There is something else that is even sadder most of all. When we learned those commandments way back then and we set out to obey them, we obeyed them for the wrong reasons. We did so out of fear of present or future punishment. They were commandments handed down by God and, by God, God would make us pay somehow in some way if we disobeyed them.

The truth is that we do pay when we go astray from them. When we lie and cheat and steal, our sins eventually come back to haunt us as we all know well from experience. Our sins catch up to us. When we fail to keep sabbath rest, take time to relax and reflect, our health pays for it sooner or later. When we forget about God and God’s creation, when we abuse it, we and our world will pay for our negligence and abuse. And we are.

Keeping the commandments and obeying laws out of fear of some kind of punishment is not the way to live. Rather we are to live our lives, doing whatever we are to be doing, out of love and not fear. We honor our God not because we fear God’s retaliation if we do not, nor, on the other hand, because God will reward us if we do.

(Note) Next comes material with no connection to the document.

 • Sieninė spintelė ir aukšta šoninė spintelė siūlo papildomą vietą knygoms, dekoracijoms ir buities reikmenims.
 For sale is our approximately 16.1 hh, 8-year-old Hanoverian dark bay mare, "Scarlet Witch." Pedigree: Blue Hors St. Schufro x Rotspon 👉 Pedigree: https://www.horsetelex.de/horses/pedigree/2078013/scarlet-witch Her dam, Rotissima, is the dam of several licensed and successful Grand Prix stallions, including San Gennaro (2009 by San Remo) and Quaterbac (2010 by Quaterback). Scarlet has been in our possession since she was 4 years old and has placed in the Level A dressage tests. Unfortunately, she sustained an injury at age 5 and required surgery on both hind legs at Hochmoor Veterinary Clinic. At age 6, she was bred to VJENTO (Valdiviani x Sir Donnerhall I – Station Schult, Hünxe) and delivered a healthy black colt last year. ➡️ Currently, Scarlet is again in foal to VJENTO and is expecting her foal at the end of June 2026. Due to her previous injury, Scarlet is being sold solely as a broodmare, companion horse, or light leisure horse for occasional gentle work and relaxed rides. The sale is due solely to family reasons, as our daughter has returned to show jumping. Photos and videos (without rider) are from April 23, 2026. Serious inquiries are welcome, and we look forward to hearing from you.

We honor God because we love God even if we really do not know what that means, because we don’t.

We honor our parents, anyone in authority, not because we fear what they might do if we do not nor because we want to receive some kind of reward – praise, honor, a raise, etc. – but because it’s the right and loving thing to do. In fact, keeping the commandments is always the right thing to do. And let’s be honest, the right thing to do is somehow already written in our hearts and minds and souls from birth.

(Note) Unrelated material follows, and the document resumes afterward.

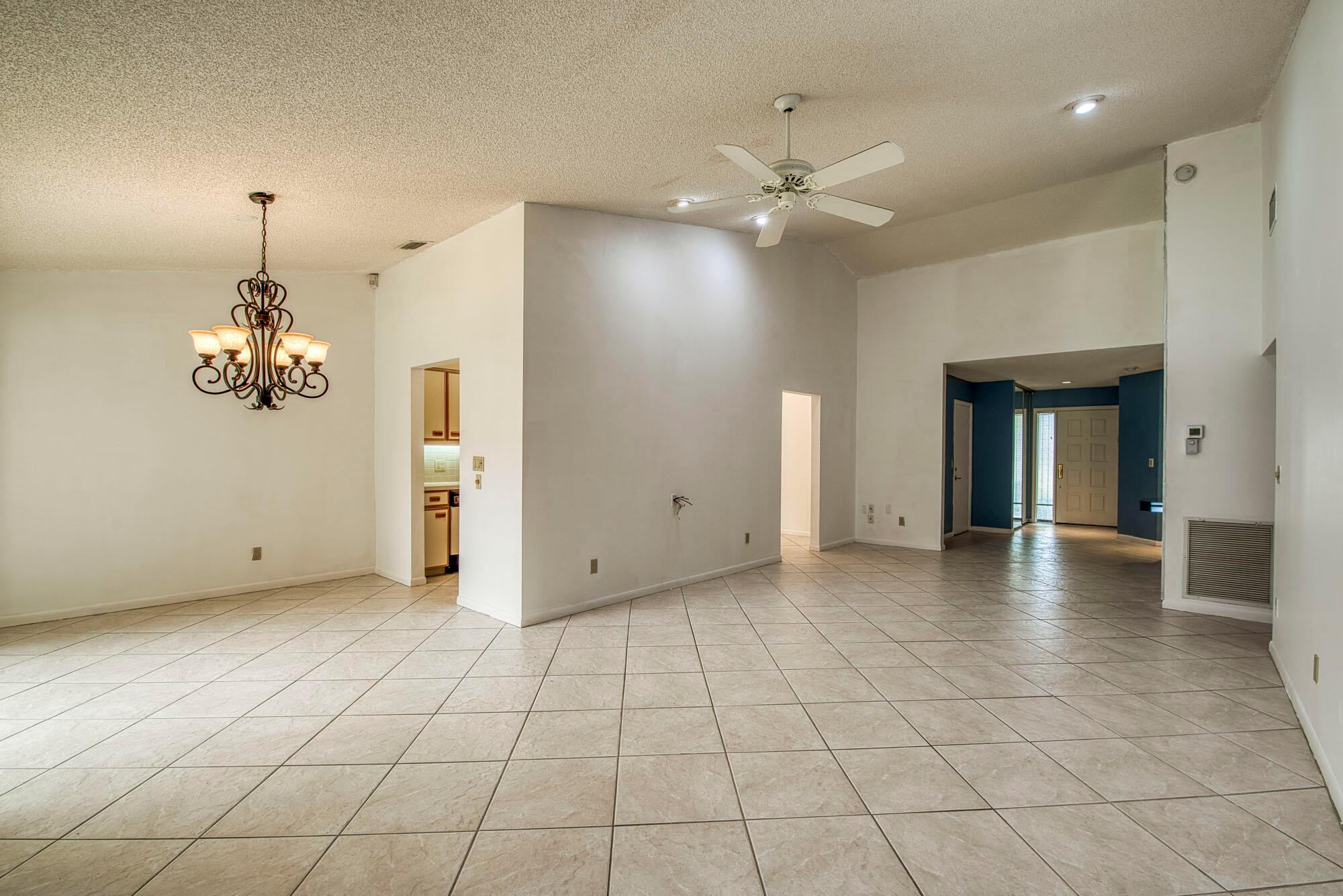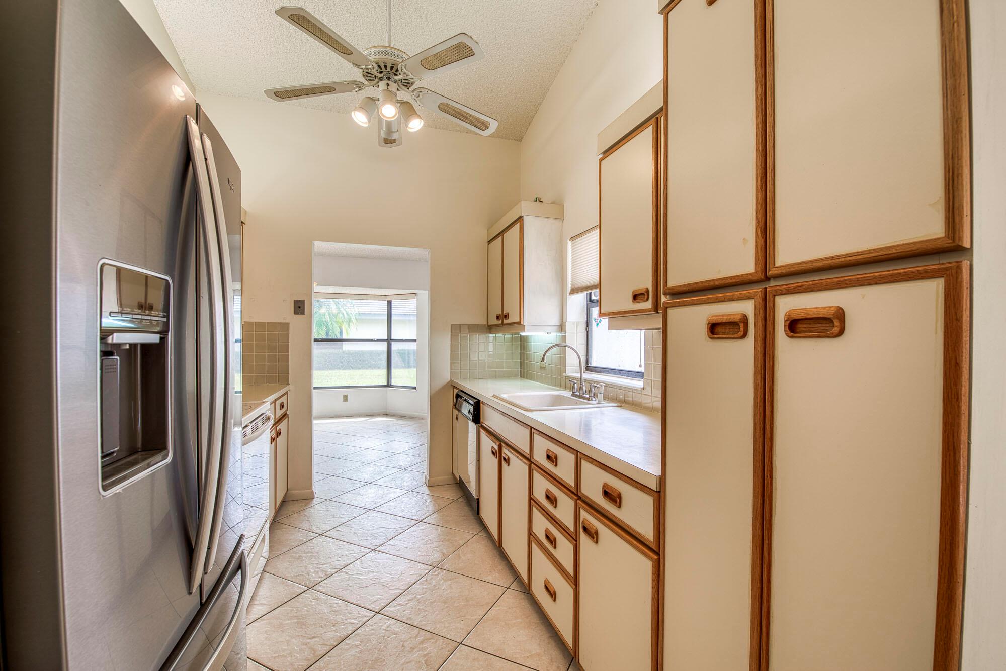 This cozy and meticulously maintained villa in the sought-after Fairmont Place offers peaceful living in one of the most private locations in the community. Nestled at the back of the neighborhood with no through traffic, the home features 2 bedrooms, 2 bathrooms, and a thoughtful layout with the kitchen and garage on one side, and bedrooms on the other. The spacious living area flows into a dining room with a charming bay window, while the galley-style kitchen includes unique touches like a built-in butcher block and knife station. The primary suite features a large walk-in closet, private en-suite, and sliding door access to the covered patio, complete with roll-down shutters and faux rock tile flooring. Additional perks include an indoor laundry room and a long one-car garage with
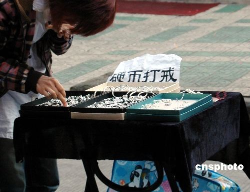 3月11日,在浙江溫嶺街頭,有人擺地攤叫賣“硬幣打戒”,地攤上寫著廣告。據(jù)女攤主稱,每枚戒指都是由一枚1元面值硬幣打成的。據(jù)了解,硬幣打戒指屬違法行為,《中華人民共和國人民幣管理條例》第二十七條第一款明確規(guī)定,“禁止故意毀損人民幣”;第四十三條指出,“故意毀損人民幣的,由公安機關(guān)給予警告,并處1萬元以下的罰款。中新社發(fā) 江勇兵 攝

Keeping the commandments is the only way to live. The reason why the world is in the mess it is in, where we have divisions, sometimes great ones, is that individually and collectively we have decided that it is easier and presently more rewarding to disobey one or more of them. That present reward always comes with a price, often at a great price, as, again, history and our own life experiences teaches us.

God gave the commandments to Moses simply as a way of reminding him and the people he was leading to the Promised Land that is they wanted to arrive there, keeping them was the only way to get there. The same is true for us today. Loving another, especially (fill in the blank), is hard. But it is the only way to live. The truth is that in the end and through it all love always overcomes fear.